Jesus and Men (Napoleon Bonaparte)
I know men, and I tell you Jesus is not a man. Superficial minds see a resemblance
between Christ and the founders of empires and the gods of other religions. That
resemblance does not exist… His empire, His march across the ages and realms, is a
prodigy, a mystery insoluble… a mystery which I can neither deny or explain.
Genesis 12:1-4
Now the Lord said to Abram, “Go from your country and your kindred and your father’s
house to the land that I will show you. I will make of you a great nation, and I will bless you,
and make your name great, so that you will be a blessing. I will bless those who bless you, and
the one who curses you I will curse; and in you all the families of the earth shall be blessed.”

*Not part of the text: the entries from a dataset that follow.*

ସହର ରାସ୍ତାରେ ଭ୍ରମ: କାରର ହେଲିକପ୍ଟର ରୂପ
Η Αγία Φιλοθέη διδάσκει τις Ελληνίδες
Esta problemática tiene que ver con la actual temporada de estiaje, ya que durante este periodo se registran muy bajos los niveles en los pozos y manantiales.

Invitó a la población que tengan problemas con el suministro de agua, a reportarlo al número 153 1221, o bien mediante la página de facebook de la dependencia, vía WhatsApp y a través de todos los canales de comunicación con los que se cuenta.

So Abram went, as the Lord had told him; and Lot went with him. Abram was seventy-five
years old when he departed from Haran
Psalm 121
I lift up my eyes to the hills—
from where will my help come?
My help comes from the Lord,
who made heaven and earth.
He will not let your foot be moved;
he who keeps you will not slumber.
He who keeps Israel
will neither slumber nor sleep.
The Lord is your keeper;
the Lord is your shade at your right hand.

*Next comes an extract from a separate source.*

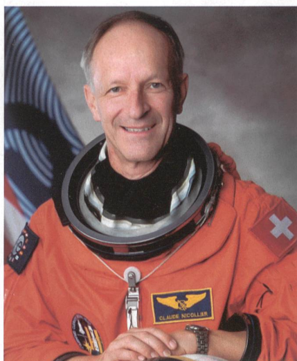
Als Astronaut legte der Major und Milizmilitärpilot Claude Nicollier im Weltall für unser Land Ehre ein.

Im Rahmen eines Abkommens zwischen ESA und NASA erhielt er am Johnson Space Center der NASA in Houston eine umfassende Ausbildung auf der amerikanischen Raumfähre Space Shuttle. Nach mehreren Jahren in Houston, in denen er nebst seiner Ausbildung verschiedenste Aufgaben übernahm, nahm er zwi-

The sun shall not strike you by day,
nor the moon by night.
The Lord will keep you from all evil;
he will keep your life.
The Lord will keep
your going out and your coming in
from this time on and forevermore.
John 3:1-17
Now there was a Pharisee named Nicodemus, a leader of the Jews. He came to Jesus by
night and said to him, “Rabbi, we know that you are a teacher who has come from God; for no
one can do these signs that you do apart from the presence of God.” Jesus answered him,
“Very truly, I tell you, no one can see the kingdom of God without being born from above.”

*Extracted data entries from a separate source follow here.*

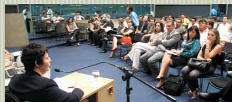
>> Participantes do Encontro assistem à palestra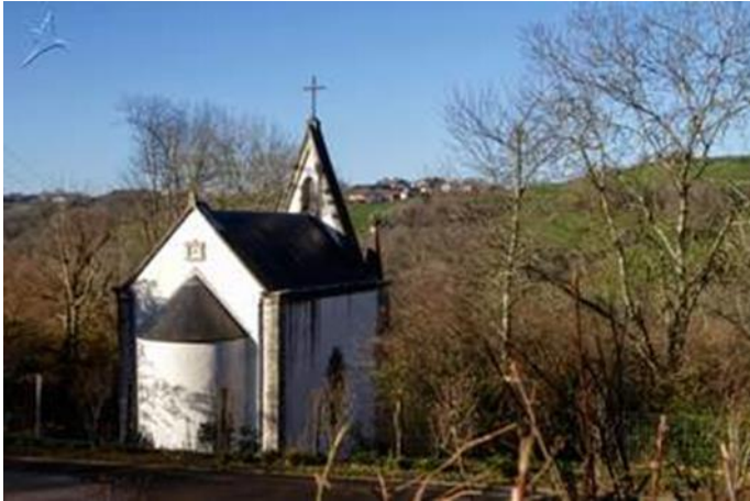
chapelle Notre Dame de Clairence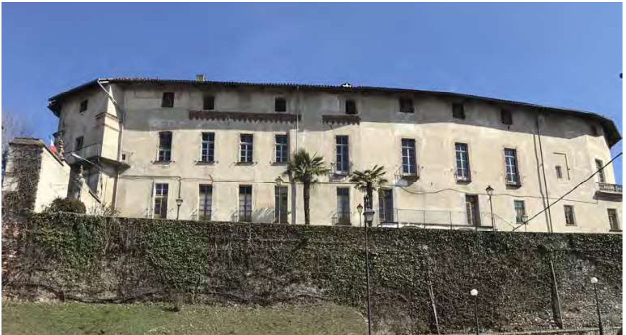
Fig. 2. Foglizzo. Castello, fronte ovest, 2023.

Nicodemus said to him, “How can anyone be born after having grown old? Can one enter a
second time into the mother’s womb and be born?” Jesus answered, “Very truly, I tell you, no
one can enter the kingdom of God without being born of water and Spirit. What is born of
the flesh is flesh, and what is born of the Spirit is spirit. Do not be astonished that I said to
you, ‘You must be born from above.’ The wind blows where it chooses, and you hear the
sound of it, but you do not know where it comes from or where it goes. So it is with everyone
who is born of the Spirit.” Nicodemus said to him, “How can these things be?” Jesus
answered him, “Are you a teacher of Israel, and yet you do not understand these things?
“Very truly, I tell you, we speak of what we know and testify to what we have seen; yet you do
not receive our testimony. If I have told you about earthly things and you do not believe, how
can you believe if I tell you about heavenly things? No one has ascended into heaven except
the one who descended from heaven, the Son of Man. And just as Moses lifted up the
serpent in the wilderness, so must the Son of Man be lifted up, that whoever believes in him
may have eternal life.
“For God so loved the world that he gave his only Son, so that everyone who believes in him
may not perish but may have eternal life.
“Indeed, God did not send the Son into the world to condemn the world, but in order that
the world might be saved through him.
Journaling / Reflecting
The Westminster Confession gives us the reformed theology of Jesus as prophet, priest and
king. How do you see these roles of Jesus in Christ’s conversation with Nicodemus?
Napoleon asserted that Jesus was not a man. How would you describe Jesus to a non-Christian
friend?
Kennedy tells us the story of the Egyptian King, Ozymandias and of his inscription, “Look on my
works.” Suppose we transpose that quote to our King – Christ. On which of Christ’s works
would you look? Have Christ’s works lasted longer than Ozymandias works?
William Barclay argues that, “In reading the Fourth Gospel, there is the difficulty of knowing
when the words of Jesus stop and the words of the writer of the gospel begin. John has
thought so long about the words of Jesus that insensibly he glides from them to his own
toughts about them. Almost certainly the last words of this passage are the words of John. It is
as if someone asked, “What right has Jesus to say these things? What guarantee do we have
that they are true?”” How would you answer Barclay’s questions?